During WWII, the Third Reich invaded and occupied Denmark; and for the first few years (c. 1940 into 43) this was a classic example of what people nowadays call "soft" totalitarianism - meaning, totalitarianism imposed without use of violent coercion. 


Denmark had a population of about three million - so how many Germans do you think were needed to control this population?

The answer from military historian Rowland White's recent book (Mosquito: the extraordinary true story of the legendary RAF aircraft...) is... eighty-nine. That is 89. 

Averaging one German to administer more than 30,000 Danes.  


I found this very interesting; given that the Third Reich has (for obvious reasons) become a bye-word for the most purposively-aggressive and physical form of totalitarianism. 

Of course, the handful of Germans were backed by the threat of German military might and the rest of it; yet the numbers tell us that the imposition of totalitarian rule - even during a world war! - can be and was accomplished by "soft" methods...

Presumably some mixture of factors such as effective ideological propaganda, tacit support of the regime, and the calculations of fear and expediency in a situation where "there is no alternative" and "resistance is futile". 


The value of this insight is that most people doubt that we of The West inhabit a totalitarian system of governance, because we do not see the apparatus of violent physical coercion that we have been taught is a necessary feature of such politics. 
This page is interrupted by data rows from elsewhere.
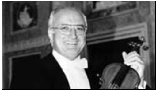
Il grande violinista Salvatore Accardo

Il grande violinista, tra i più apprezzati d'Europa, che è già stato protagonista del festival internazionale, sarà accompagnato al pianoforte da Giorgia Tomassi. Previsto un servizio di bus-navetta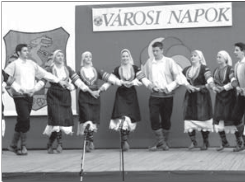
КУД Весели Сантовчани у Кишкерешу

А управо ове 2006. навршава се двадесет година од формирања и рада Културног удружења „Весели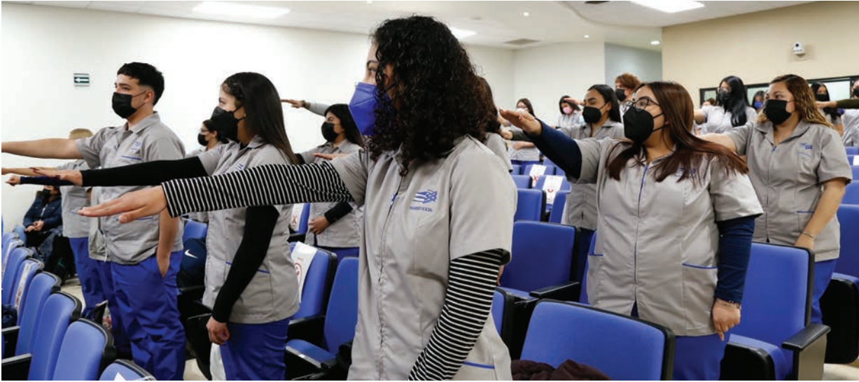
Alumnas de Trabajo Social rinden protesta en una ceremonia celebrada en el ICESA.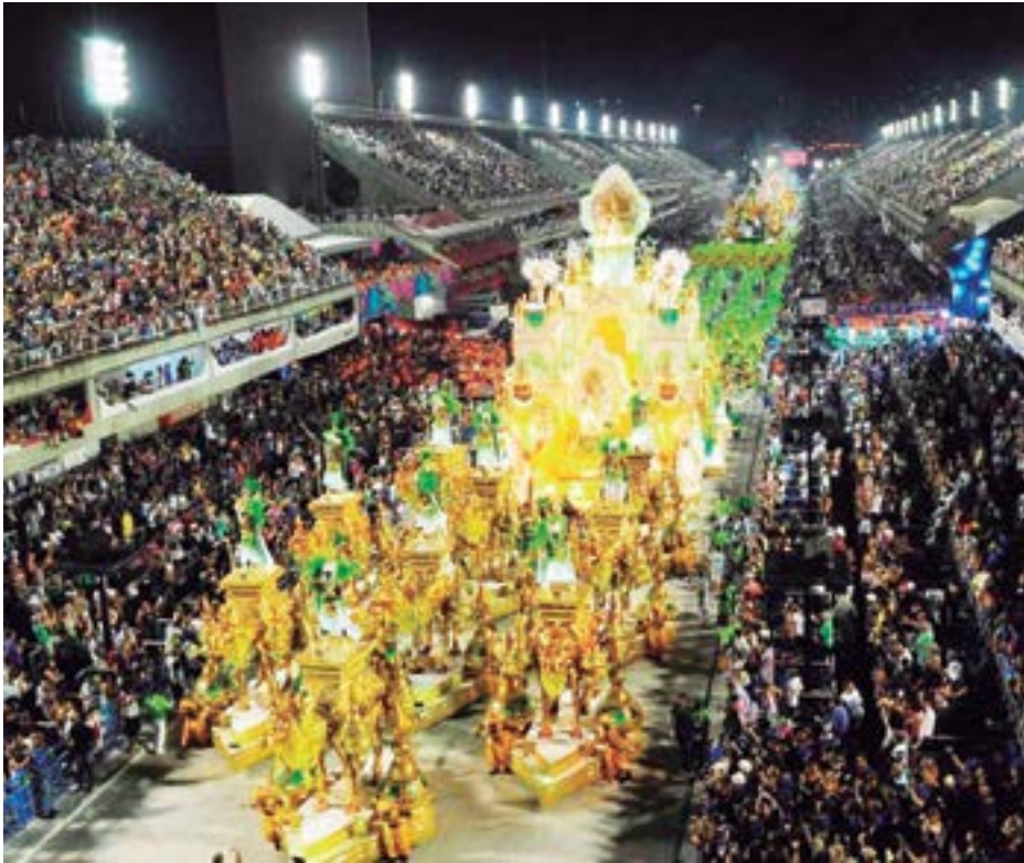
► A contar pela expectativa de retornar aos desfiles, atores e plateia estarão em clima de euforia maior

Yet, the example of Denmark proves that rigorous and efficient "soft" totalitarian rule is possible, and effective (at least, for a few years) by a tiny number of alien controllers; combined with the cooperation (or "collaboration") of sufficient natives of the national leadership class, and the tacit consent of the bulk of the remainder.

It also seems to prove that totalitarianism works best when it is "soft" - when it deploys soft-ideas rather than hard-violence. 


How many "outsiders" does it take to rule a UK of 60 million? 

Does it just scale up proportionately to... a couple of thousand aliens? Or are the economies of scale and fewer than 2K aliens are needed. Or do the difficulties multiply exponentially and maybe... tens of thousands are needed? 

Either way, it is salutary to realize that a thoroughly totalitarian system need not deploy large numbers of external-rulers, nor physical coercion, to be a very complete and effective mechanism of mass control. 


And, of course, this is exactly what we find, here and now - could we but recognize it.


Note: Rowland White's books tells a story of how this peaceful state of soft totalitarianism was deliberately subverted by British military intelligence by developing a sabotage network, that eventually grew to provoke violent German reprisals, and "hard" totalitarianism - which led to much greater Danish resistance; and the intended transfer of many more German personnel and resources to control Denmark. This effective intervention by another alien power - i.e. the UK - is also a demonstration of how a very few people who want to destabilize a system by guerrilla methods, can do so. The whole narrative seems to me one of elite external powers manipulating the Danish masses for their own ends.   

5 comments:

Crosbie said...

I assume every society, of any size, is dominated by a single clique, and that such a ruling clique will always have 150 members, that is, Dunbar's number. Apparently, 89 is the number of clique members required to dominate the other 61. I suggest we call 89 'Stauning's number', after the wartime Prime Minister of Denmark.

Bruce Charlton said...

@Crosbie - Yes but "Dunbar's number" was pulled out of thin air, in effect!

I was an evolutionary psychologist from 1994, and used to know Dunbar slightly (and much appreciated most of his work); and when he floated this idea I was very critical of his evidential and theoretical basis. I have found it dismaying to observe the confirmation-bias induced endorsement over the past thirty years.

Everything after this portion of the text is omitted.